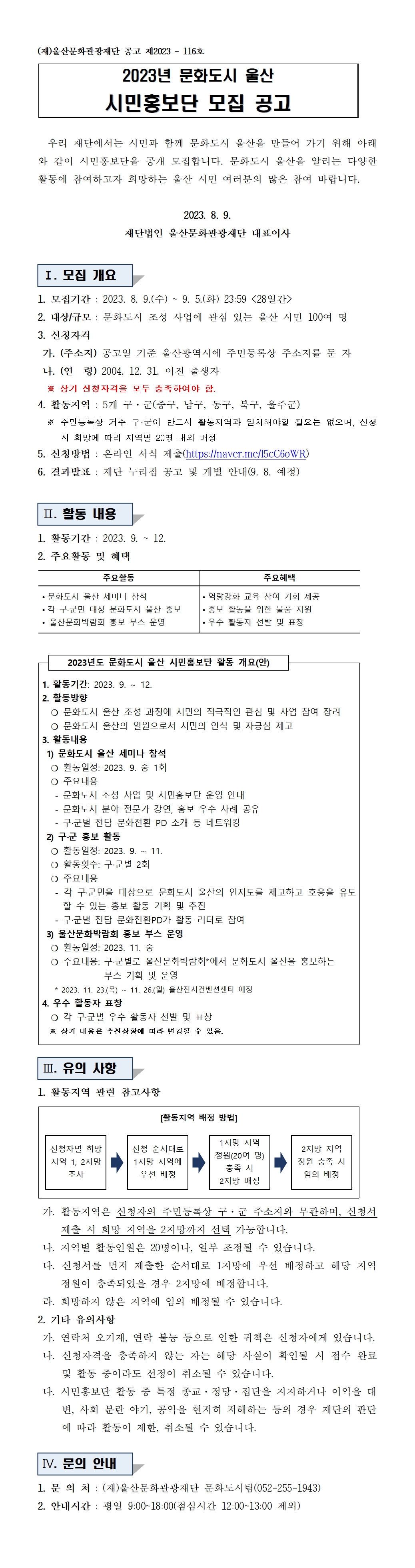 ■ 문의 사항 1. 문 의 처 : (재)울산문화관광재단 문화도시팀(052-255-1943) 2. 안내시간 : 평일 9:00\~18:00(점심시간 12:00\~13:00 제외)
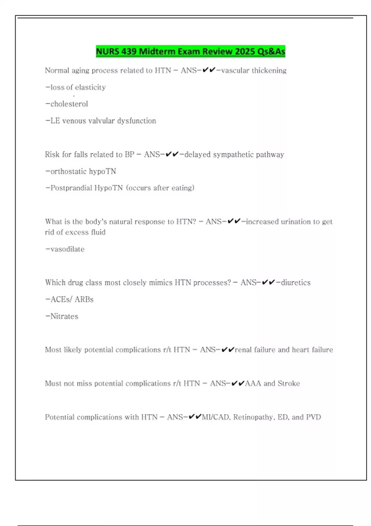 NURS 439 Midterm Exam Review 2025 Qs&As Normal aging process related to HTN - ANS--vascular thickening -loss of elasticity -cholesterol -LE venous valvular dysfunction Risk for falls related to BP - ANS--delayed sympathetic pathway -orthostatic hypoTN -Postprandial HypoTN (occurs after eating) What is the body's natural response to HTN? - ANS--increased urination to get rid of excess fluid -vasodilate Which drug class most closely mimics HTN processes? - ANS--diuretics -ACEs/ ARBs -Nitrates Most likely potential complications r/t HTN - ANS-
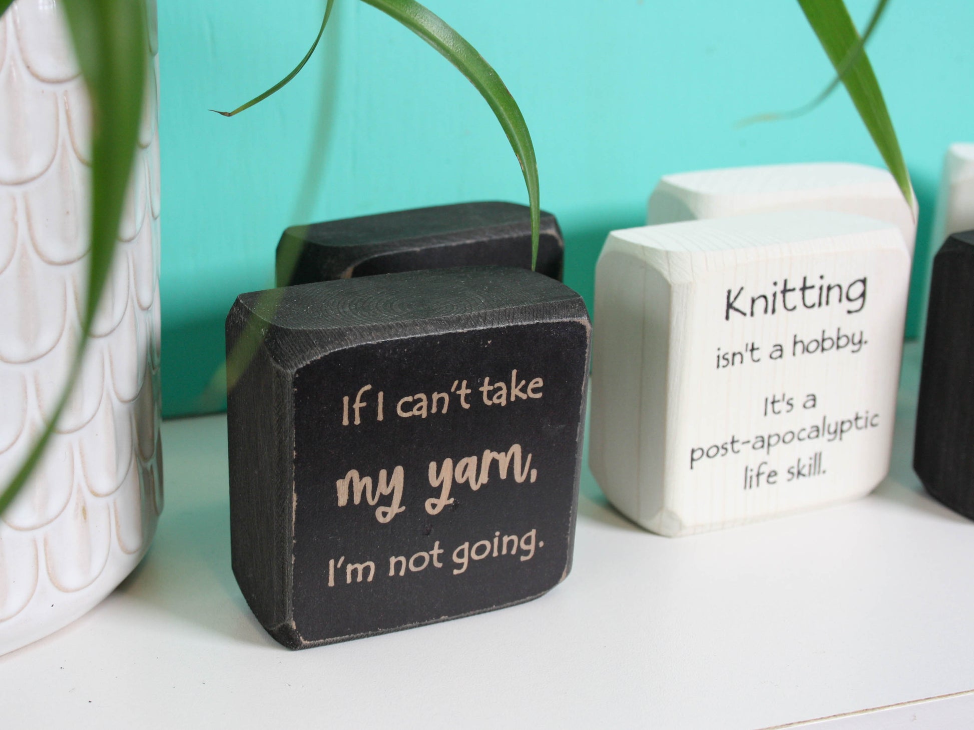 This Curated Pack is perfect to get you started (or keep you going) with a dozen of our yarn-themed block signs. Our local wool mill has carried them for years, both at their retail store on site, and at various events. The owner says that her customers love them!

◆ ◆ ◆

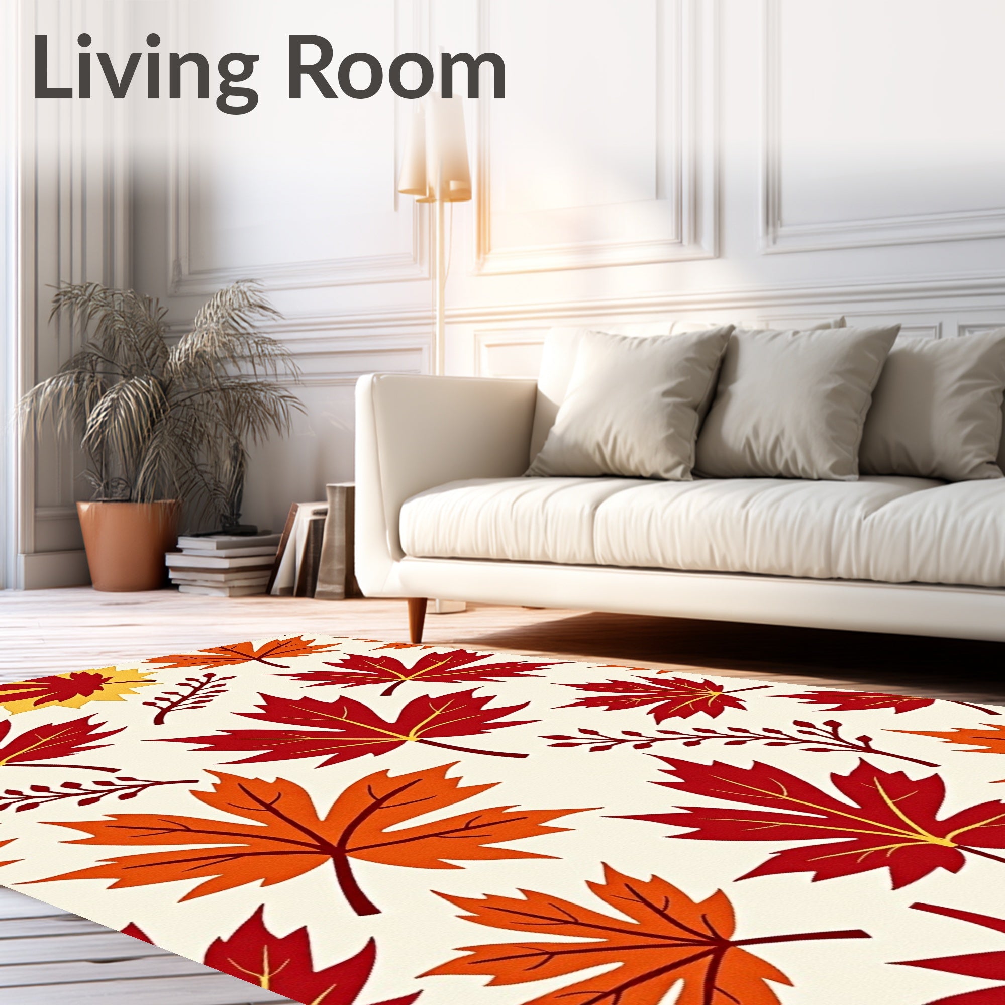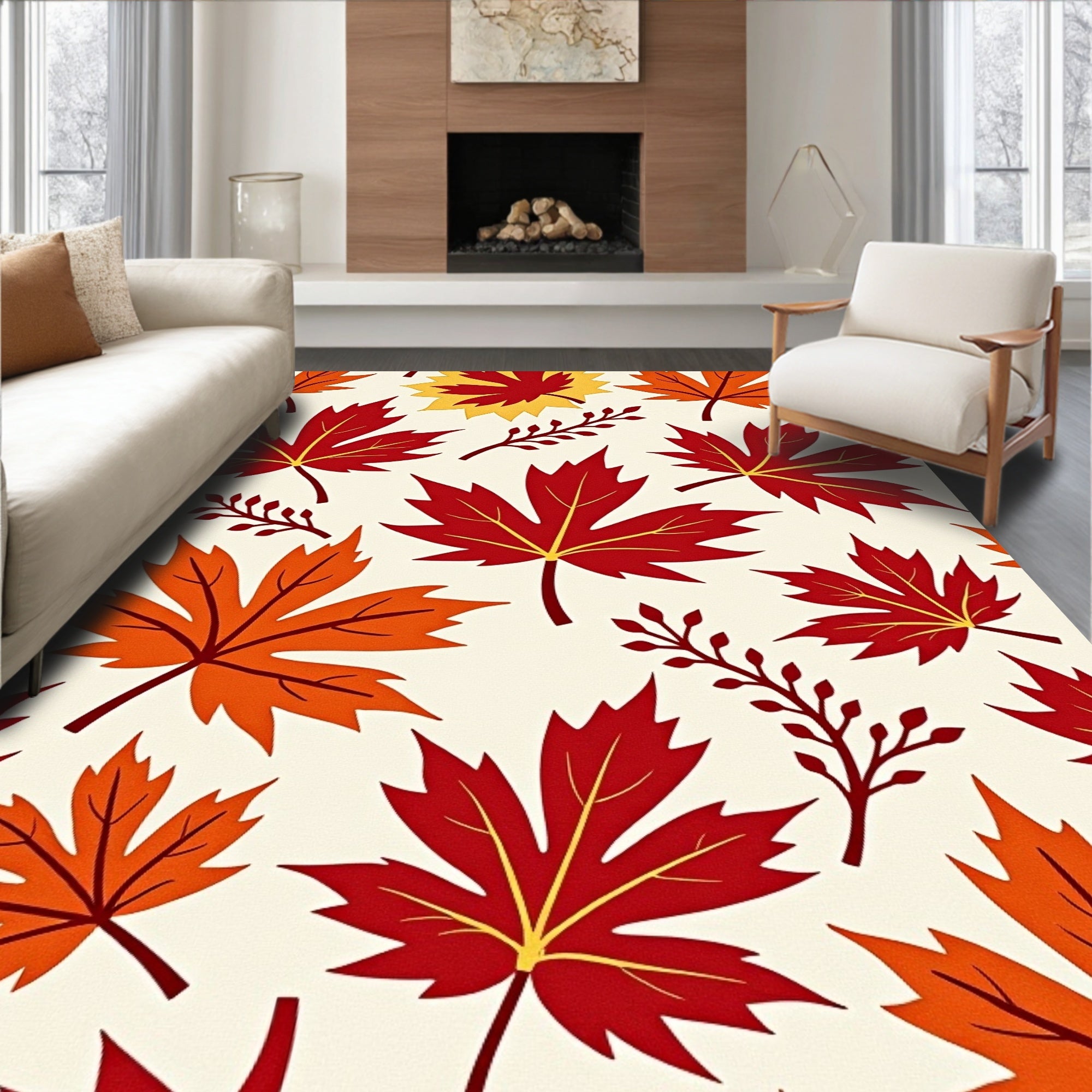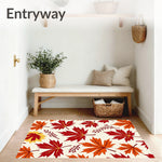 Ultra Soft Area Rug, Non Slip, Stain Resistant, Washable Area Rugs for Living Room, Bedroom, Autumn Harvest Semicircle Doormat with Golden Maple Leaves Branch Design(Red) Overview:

◆ ◆ ◆

» **EXERCISE BRIEF**
Within the material above, only the stretch from the line holding "9:00\~18:00(점심시간 12:00\~13:00 제외)" through the line holding "This Curated Pack" is to be restated exactly. Pictures are dropped.

» **TASK ANSWER**
 ■ 문의 사항 1. 문 의 처 : (재)울산문화관광재단 문화도시팀(052-255-1943) 2. 안내시간 : 평일 9:00\~18:00(점심시간 12:00\~13:00 제외)
 NURS 439 Midterm Exam Review 2025 Qs&As Normal aging process related to HTN - ANS--vascular thickening -loss of elasticity -cholesterol -LE venous valvular dysfunction Risk for falls related to BP - ANS--delayed sympathetic pathway -orthostatic hypoTN -Postprandial HypoTN (occurs after eating) What is the body's natural response to HTN? - ANS--increased urination to get rid of excess fluid -vasodilate Which drug class most closely mimics HTN processes? - ANS--diuretics -ACEs/ ARBs -Nitrates Most likely potential complications r/t HTN - ANS-
 This Curated Pack is perfect to get you started (or keep you going) with a dozen of our yarn-themed block signs. Our local wool mill has carried them for years, both at their retail store on site, and at various events. The owner says that her customers love them!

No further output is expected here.